→ **DATASET RECORDS**:
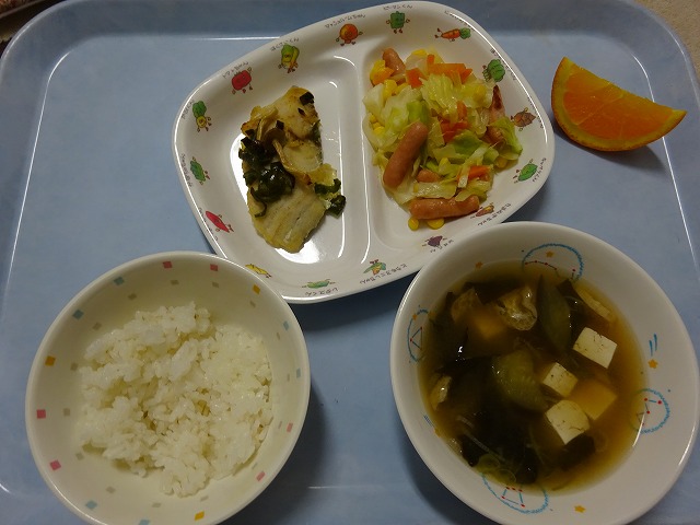 8月21日(水)給食 ・ごはん ・さわらのオーブン焼き(さわら・玉ねぎ・ピーマン・しめじ) ・いろどりソテー(ウインナー・キャベツ・玉ねぎ・にんじん・コーン) ・みそ汁(豆腐・油揚げ・なす・玉ねぎ・わかめ・ねぎ) ・オレンジ
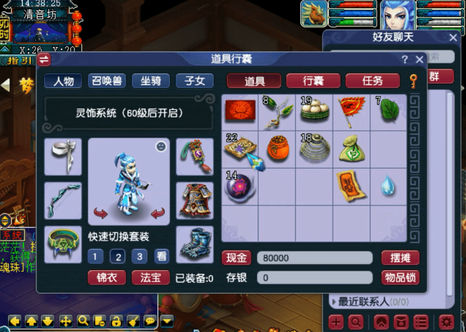 身上和背包里都是系统给的专用装备和道具,现在系统对新人还是比较友好的,最起码不用自己攒钱买装备,每到一定的等级,就会获得相同等级的装备,为你的升级之路保驾护航!
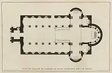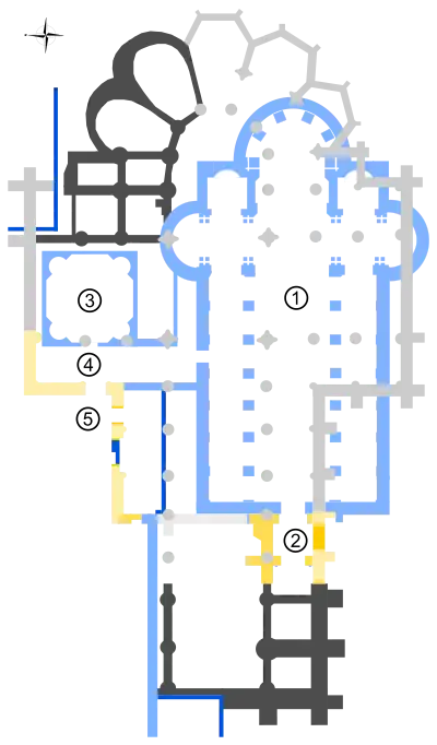 Plusieurs éléments de cette deuxième église sont toujours présents. Une campagne de fouilles, effectuée dans l’entre-deux-guerres[6] et approfondie dans les années 1950[7], a mis au jour les fondations du déambulatoire et des cinq chapelles rayonnantes du chœur au chevet de l’actuelle basilique[6]. À l'avant subsistent des vestiges du transept et une travée du collatéral nord avec un départ de voute, de même qu'une porte en arc brisé reliant autrefois le cloitre au transept. Enfin, l'ogive d'une fenêtre du collatéral sud est encore visible à la base de la tour actuelle[2].
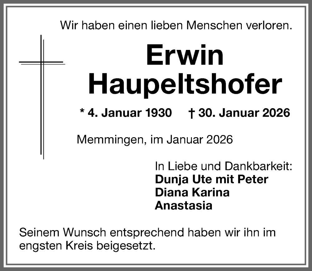 Hier finden Sie alle Traueranzeigen aus der Zeitung, die bisher für Erwin Haupeltshofer erschienen sind. Weitere Traueranzeigen, die in der Zeitung erscheinen, werden hier ebenfalls aufgelistet
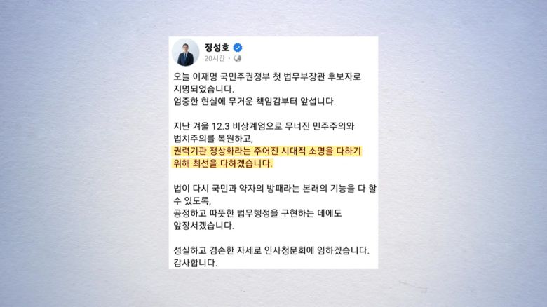 정 후보자도 어제 SNS에서 '권력기관 정상화라는 시대적 소명을 다하기 위해 최선을 다하겠다'고 소감을 밝혔죠.
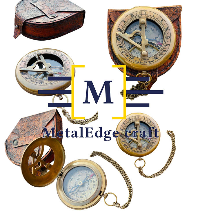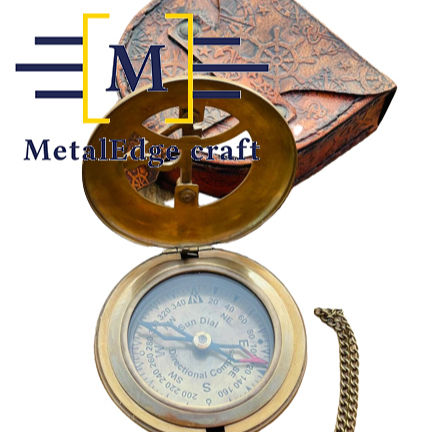 New maritime sundial Nautical Brass Compass in leather box Handmade Brass pointing Compass promotion gift corporate sundirection

→ **ABOUT THIS EXERCISE**: Please repeat every line of the material above exactly and without its pictures.

→ **RESULT FOR THIS TASK**:
 8月21日(水)給食 ・ごはん ・さわらのオーブン焼き(さわら・玉ねぎ・ピーマン・しめじ) ・いろどりソテー(ウインナー・キャベツ・玉ねぎ・にんじん・コーン) ・みそ汁(豆腐・油揚げ・なす・玉ねぎ・わかめ・ねぎ) ・オレンジ
 身上和背包里都是系统给的专用装备和道具,现在系统对新人还是比较友好的,最起码不用自己攒钱买装备,每到一定的等级,就会获得相同等级的装备,为你的升级之路保驾护航!
 Plusieurs éléments de cette deuxième église sont toujours présents. Une campagne de fouilles, effectuée dans l’entre-deux-guerres[6] et approfondie dans les années 1950[7], a mis au jour les fondations du déambulatoire et des cinq chapelles rayonnantes du chœur au chevet de l’actuelle basilique[6]. À l'avant subsistent des vestiges du transept et une travée du collatéral nord avec un départ de voute, de même qu'une porte en arc brisé reliant autrefois le cloitre au transept. Enfin, l'ogive d'une fenêtre du collatéral sud est encore visible à la base de la tour actuelle[2].
 Hier finden Sie alle Traueranzeigen aus der Zeitung, die bisher für Erwin Haupeltshofer erschienen sind. Weitere Traueranzeigen, die in der Zeitung erscheinen, werden hier ebenfalls aufgelistet
 정 후보자도 어제 SNS에서 '권력기관 정상화라는 시대적 소명을 다하기 위해 최선을 다하겠다'고 소감을 밝혔죠.
 New maritime sundial Nautical Brass Compass in leather box Handmade Brass pointing Compass promotion gift corporate sundirection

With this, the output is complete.